I looked around thinking, who’s going to come again? Are they talking about Jesus?
“And we will see him face to face.” I started to get a bit excited. We’re going to see Jesus face to face?
“And the dead will rise.” The dead will rise? You mean we won’t have to stay dead? This was good news. This was fantastic news. Why weren’t these people smiling? Why weren’t they happy?
Finally I heard them say, “And we will live forever.” Well, this was really the clincher. We’re going to live forever? Why weren’t they dancing in the aisles? Why weren’t they clapping and shouting if they were going to live forever? On that sad day it dawned on me: these people must not believe what they are saying. And so I stopped believing it too.”
Even Saint Paul has sometimes to remind the churches what the good news is about, what it is that they believe. In the First Letter to the Corinthians, Chapter 15 Verses 1-4, he says, ‘Now I should remind you, brothers and sisters, of the good news that I proclaimed to you, which you in turn received, in which also you stand, through which also you are being saved, if you hold firmly to the message that I proclaimed to you—unless you have come to believe in vain.

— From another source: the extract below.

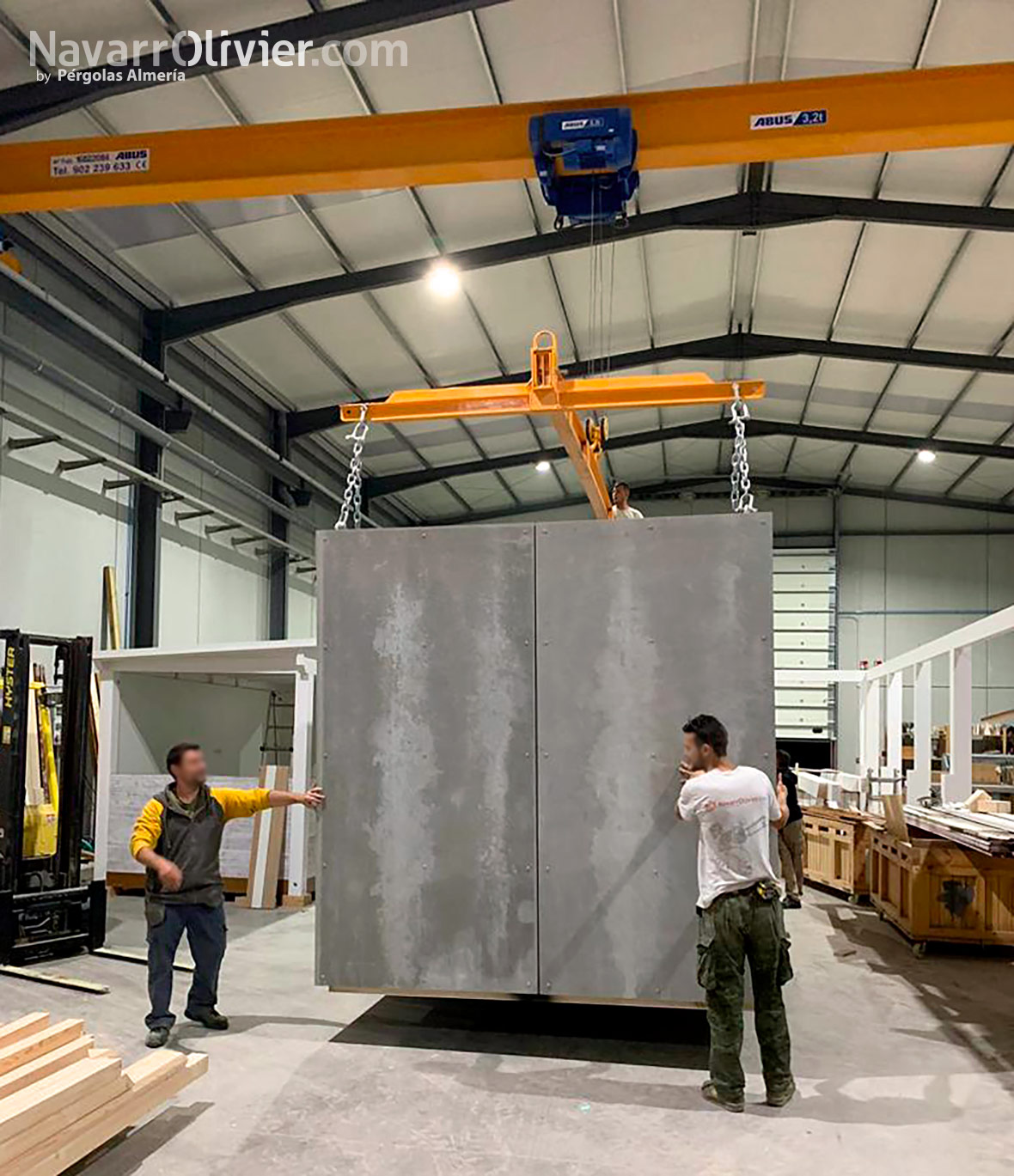 Construcción de cafetería en módulos transportables prefabricados. Construcciín en madera estructural, muros en entramado ligero con aislamiento térmico y acústico.

For I handed on to you as of first importance what I in turn had received: that Christ died for our sins in accordance with the scriptures, and that he was buried, and that he was raised on the third day in accordance with the scriptures’.
Evangelism is telling people Jesus had died and risen again and our salvation is in receiving that good news for ourselves. Our salvation does not depend on loyalty to anyone other than God.
One Sunday morning, in a small country church with about a dozen people in the congregation, there seemed a need to say something affirming. ‘Do you know’, I said, ‘if the entire church was gone and there were just ourselves left, it would not worry us. Jesus would still be alive and we would still believe. Nothing could change those facts and we would still meet for worship’. Evangelism is about such good news.